Input Datasets
In this project 4 text classification standardized datasets are used to feed the neural nets and report the efficiency of the algorithms.
The idea is to evaluate
both architectures using different datasets. The statistics summary for each dataset is shown in the Table below.
The optization is done at each trial chosing a set of parameters applied to each dataset.

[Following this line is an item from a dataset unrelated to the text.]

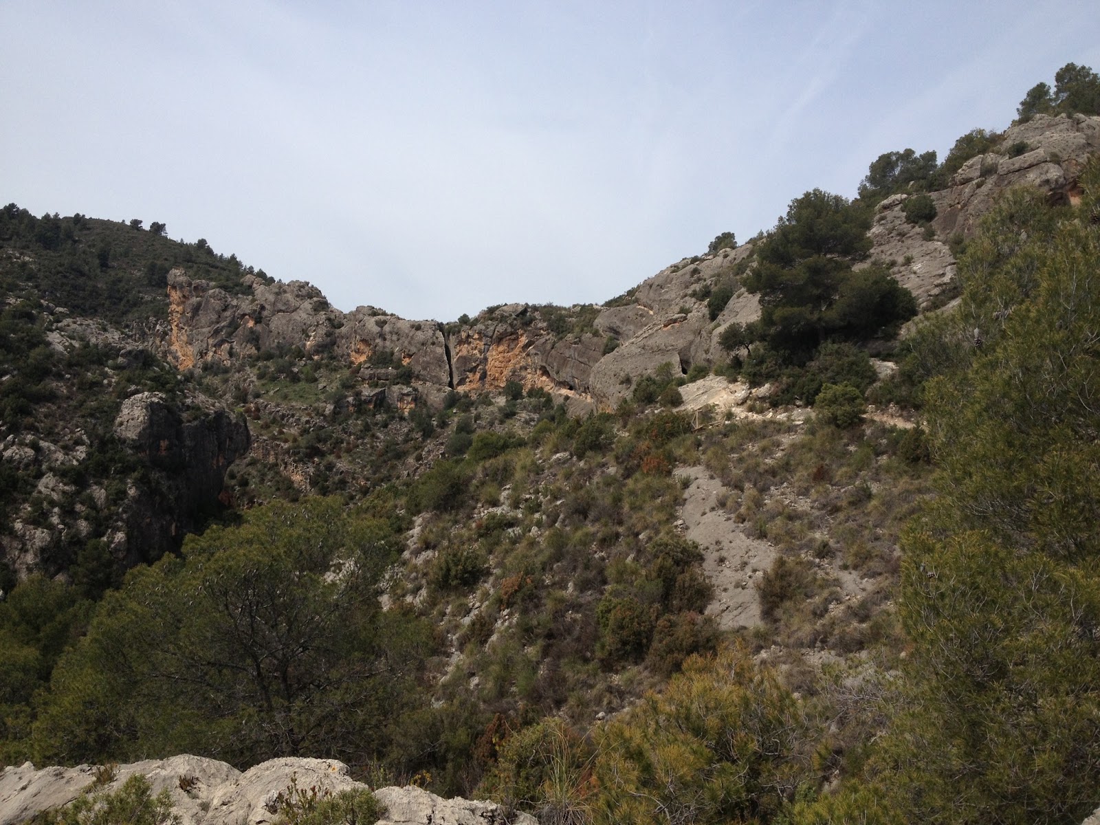 Cuando sales de las cuevas, llegas a la Peña Cortada que es bastante impresionante por la altura que tiene. Antes de hacer la excursión leí un comentario de alguien que había hecho la excursion y que se preguntaba qué por qué en ese tramo habían cortado toda la roca en lugar de seguir con la cueva. A mi me pareció que habían intentado seguir con la cueva pero que ahi se les derrumbó ese trozo... pero vamos, es una apreciación personal.

There is two versions of each dataset:
TFIDF and distance-based meta-features (MF)
| Dataset | Size | #Features | #Classes | Mean | Minor Class | 1st Quartile | Median | 3rd Quartile | Major Class |
|---|---|---|---|---|---|---|---|---|---|
| 20NG | 18766 | 61050 | 20 | 938 | 627 | 952 | 978 | 988 | 998 |
| 4UNI | 8274 | 40195 | 7 | 1182 | 13 | 343 | 929 | 1382 | 3757 |
| REUTERS | 13327 | 19590 | 90 | 148 | 2 | 8 | 29 | 91 | 3964 |
| ACM | 24897 | 59990 | 11 | 2263 | 63 | 761 | 2041 | 3278 | 6562 |
The datasets we use to create all visualizations are derived from the process of optimization (with 5-fold cross-validation)
of each set of parameters applied to each dataset version. During the optization we get the all trials (we set 80 trials) with all
the set of parameters that were tested, time and loss.